Gesellschaftspolitische Themen stehen beim Eurovision Song Contest (ESC) immer wieder im Vordergrund, wie durch den Sieg von Tom Neuwirth alias Conchita Wurst in Kopenhagen letztes Jahr sichtbar wurde. Die Dame mit Bart polarisierte mit ihrem Auftritt und löste eine grenzübergreifende Diskussion zum Thema Geschlechtertoleranz aus. Das Beispiel Conchita macht deutlich, dass ein popkulturelles Mainstream-Event konkrete gesellschaftliche Auswirkungen haben kann. Dr. Saskia Jaszoltowski, Musikwissenschafterin an der Uni Graz, forscht seit circa sechs Jahren aktiv zum ESC. Ihr Kommentar zum diesjährigen Bewerb: „Entgegen der Marketingstrategie der Veranstalter hat der Eurovision Song Contest gezeigt, dass das Spektakel reichlich wenig als Spiegel oder sogar als Motor der Politik herhalten kann. Der Gastgeber erhält keinen Punkt für seine politisierte Freundlichkeit. Der russische Beitrag von Polina Gagarina hingegen wird von der ESC-Gemeinde auf dem Siegertreppchen gesehen.

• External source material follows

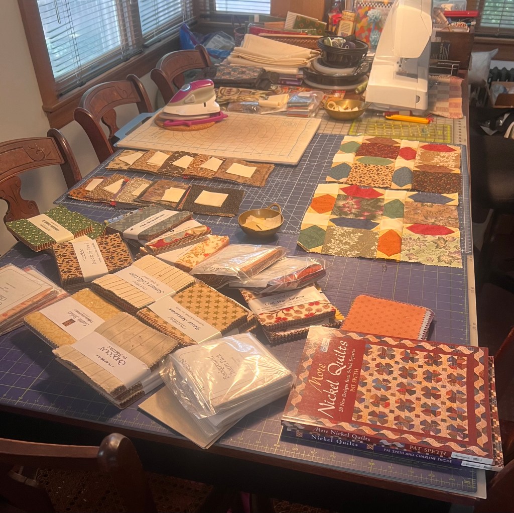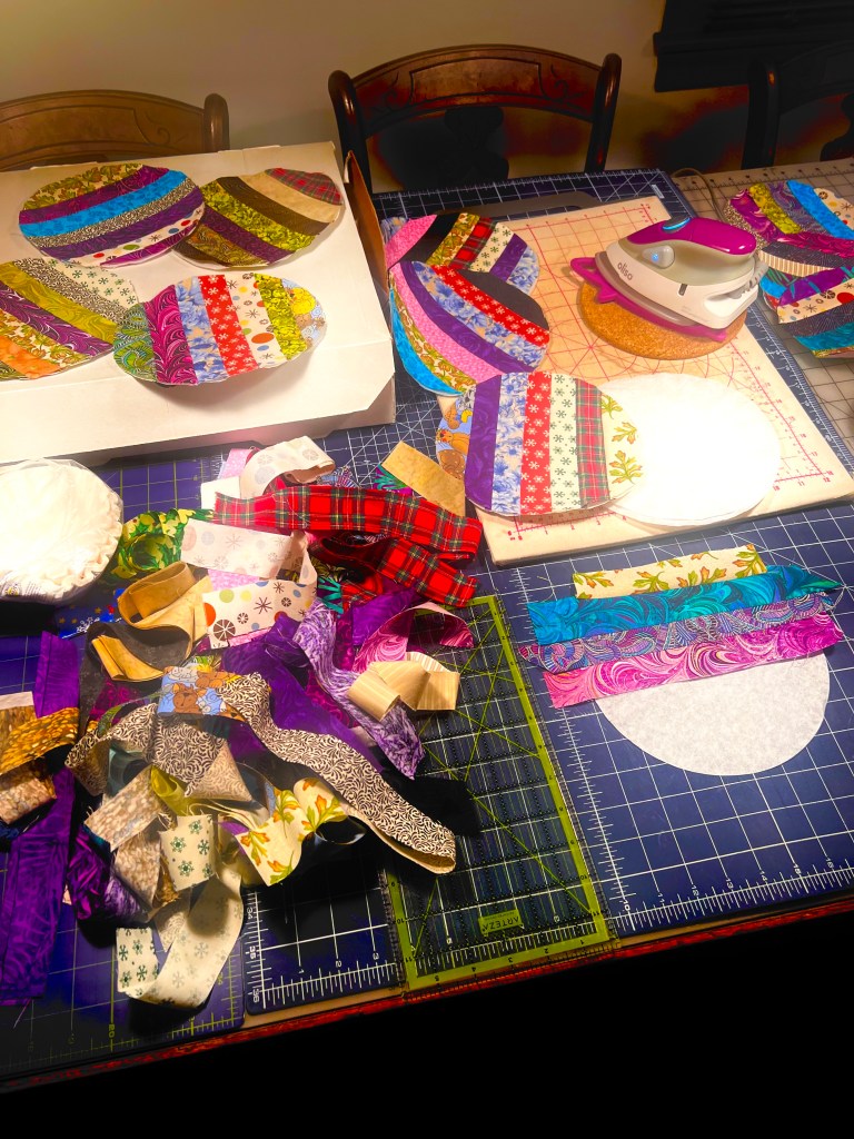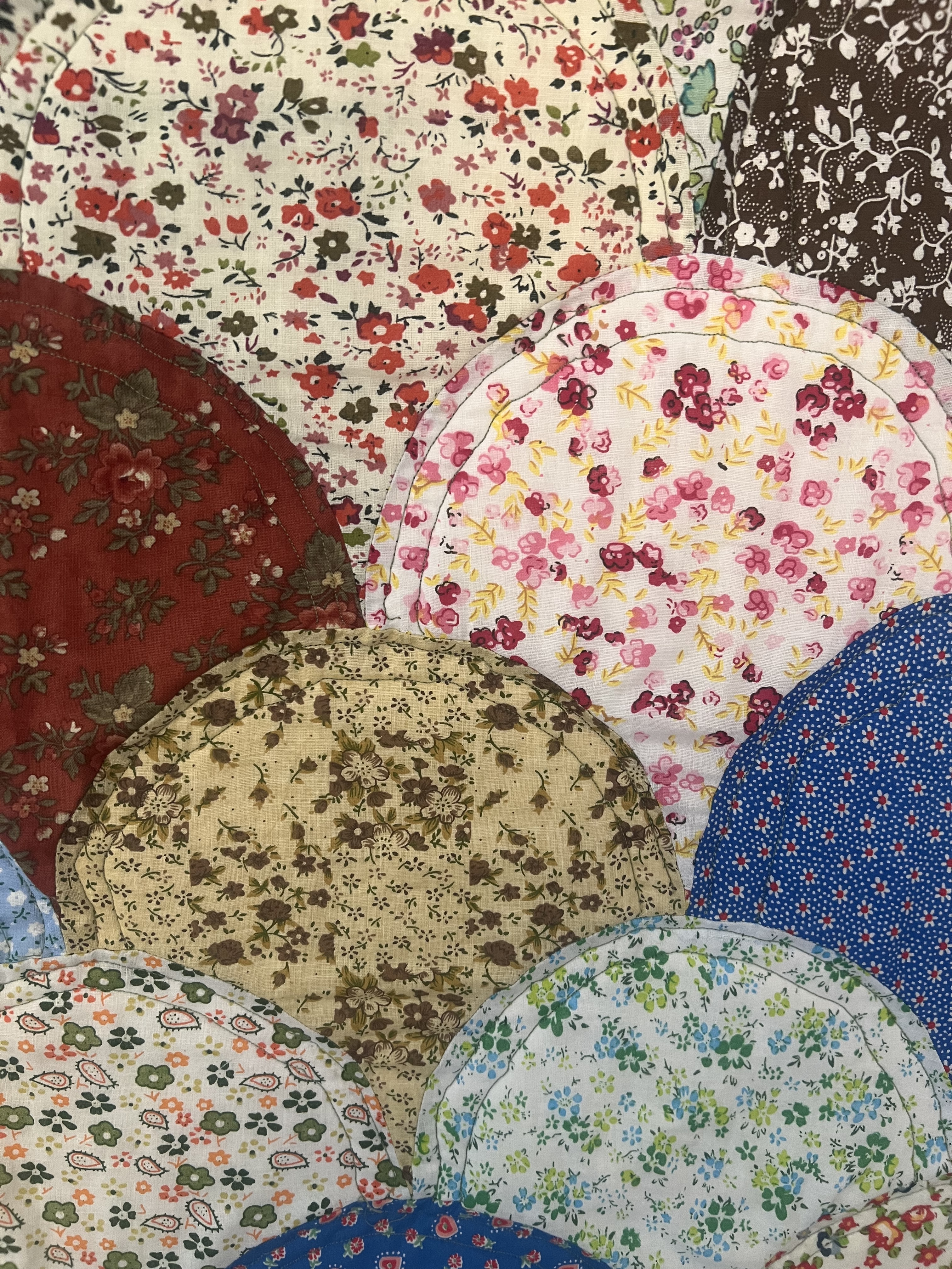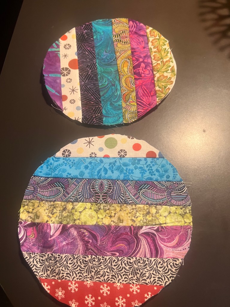 As a thank you gift for the members of my Womens’ Club of Forest Hills Board, I made 38 of these mug mats. Two inch wide cuts in a variety of colors and patterns, they went together quickly. Quilting was a breeze in such small pieces, and the ladies loved them. Small practical gifts always please.

Abgesehen davon, dass die letztjährige Gewinnerin von homophoben Vertretern der russischen Politik vehement attackiert wurde, verkörpert die zweitplatzierte Gagarina den absoluten Kontrast zu Conchita in Bezug auf Geschlechterrollen.“
Graz liefert die Theorie zur großen Show in Wien
Wie spielen umgekehrt gesellschaftspolitische Faktoren in die nationale Auswahl und internationale Bewertung der Wettbewerbsbeiträge hinein? Welche Funktion hat dabei das „Folkloristische“ oder das „Amerikanisierte“? Wie spiegeln sich überhaupt sechs Jahrzehnte der Stil- und Geschmacksgeschichte in den musikalischen Beiträgen wider? Diese und weitere Fragen beschäftigen ForscherInnen, die sich zur interdisziplinären Konferenz „Musikalische Diversität und kulturelle Identitäten in der Geschichte des Eurovision Song Contest“ am 19. und 20. Juni 2015 im Meerscheinschlössl unter der Leitung von Jaszoltowski treffen. Die Musikwissenschafterin zum diesjährigen Event: „Interessant ist unter anderem, wie der ESC am Rande der Beiträge in Szene gesetzt wurde: Die Eröffnungsfeier am 17. Mai ließ man unter dem Titel ‚Pop meets Opera‘ in der Wiener Staatsoper stattfinden und strebte damit an, die Unterhaltungsshow zu erhöhen.“ Mit der Darbietung der beethovenschen Vertonung der „Ode an die Freude“ von Friedrich Schiller durch die Wiener Sängerknaben habe man dem weltoffenen, unpolitischen, globalen Musik-Event eine Hymne gegeben. „Bisher hat man sich das nicht getraut, auch die durch Herbert von Karajan zu einer Instrumentalfassung bearbeitete Version des Chorals aus der 9. Symphonie, als textlose Europa-Hymne durch die Europäische Union festgelegt, erklang noch nie“, so Jaszoltowski.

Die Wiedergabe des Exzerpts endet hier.